SOURCE MATERIAL ->
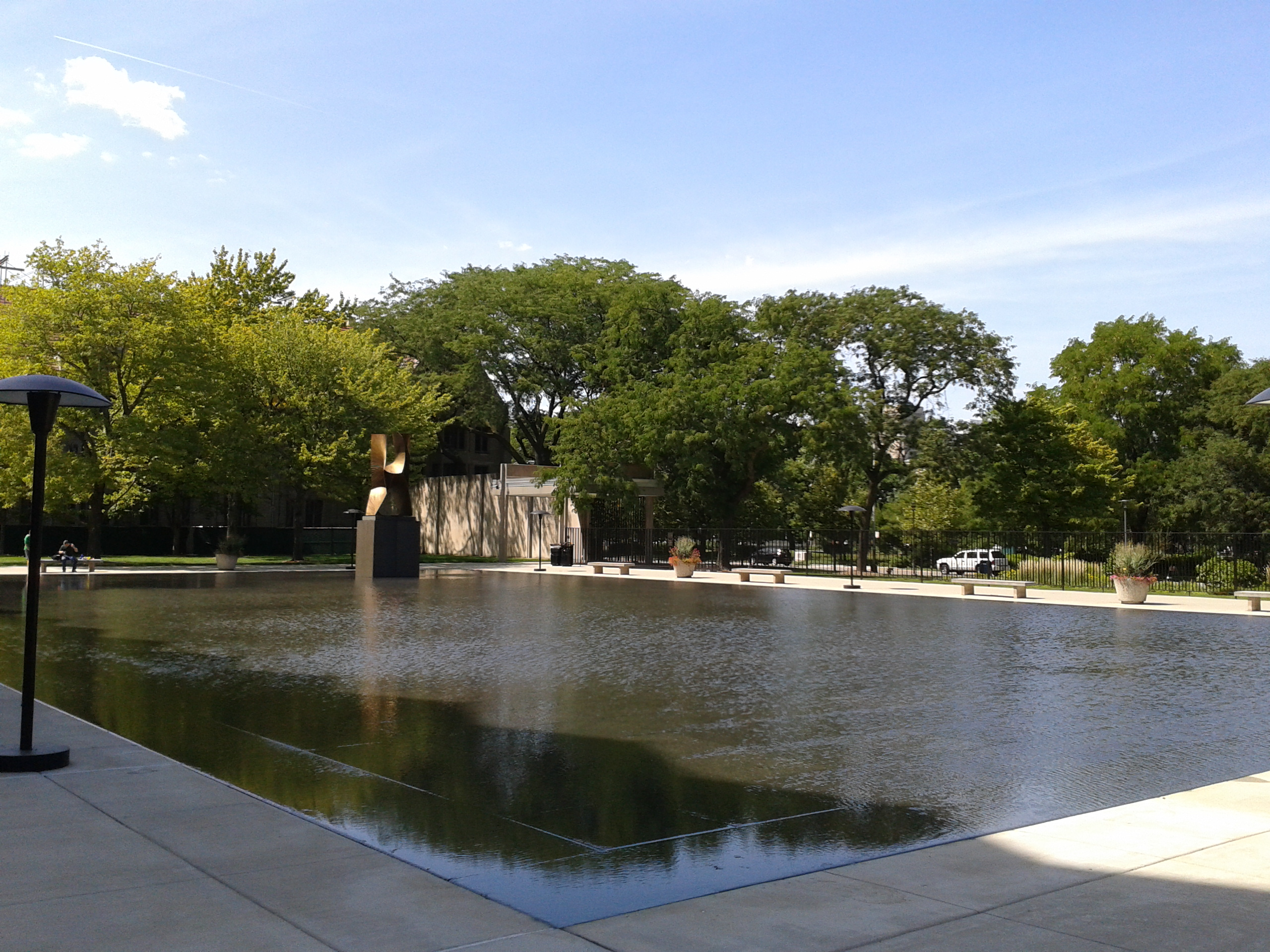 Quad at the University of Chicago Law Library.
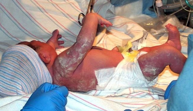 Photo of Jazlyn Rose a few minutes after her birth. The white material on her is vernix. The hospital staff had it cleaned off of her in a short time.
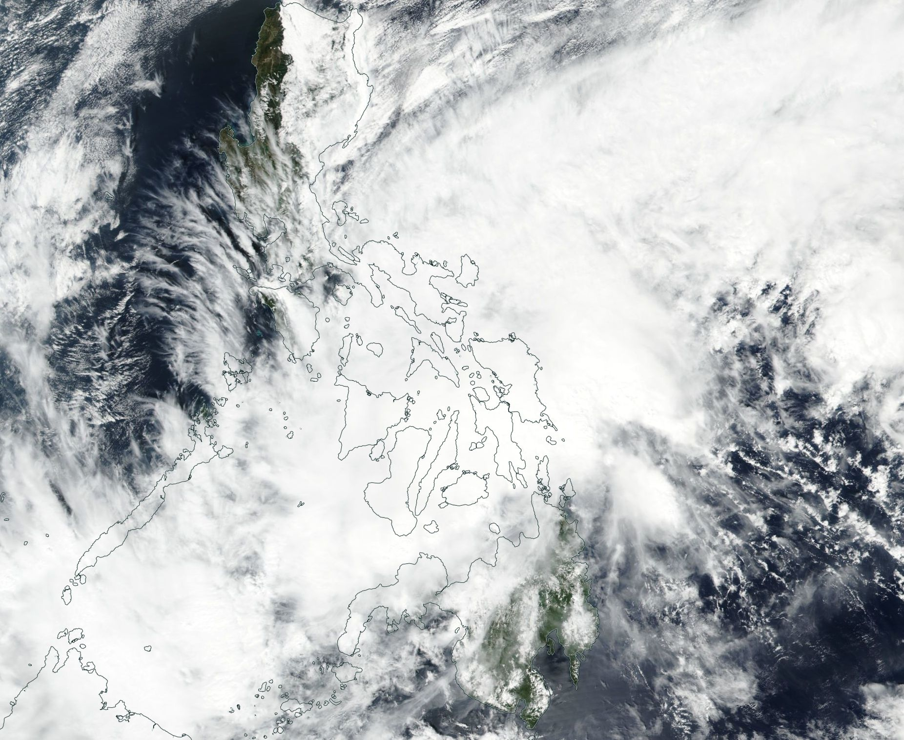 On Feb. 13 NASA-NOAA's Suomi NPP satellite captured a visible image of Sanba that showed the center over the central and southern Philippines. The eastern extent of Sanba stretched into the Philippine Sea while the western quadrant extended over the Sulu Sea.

ASSIGNED TASK ->
The data above should be set down again exactly, with the pictures omitted.

TASK SOLUTION ->
 Quad at the University of Chicago Law Library.
 Photo of Jazlyn Rose a few minutes after her birth. The white material on her is vernix. The hospital staff had it cleaned off of her in a short time.
 On Feb. 13 NASA-NOAA's Suomi NPP satellite captured a visible image of Sanba that showed the center over the central and southern Philippines. The eastern extent of Sanba stretched into the Philippine Sea while the western quadrant extended over the Sulu Sea.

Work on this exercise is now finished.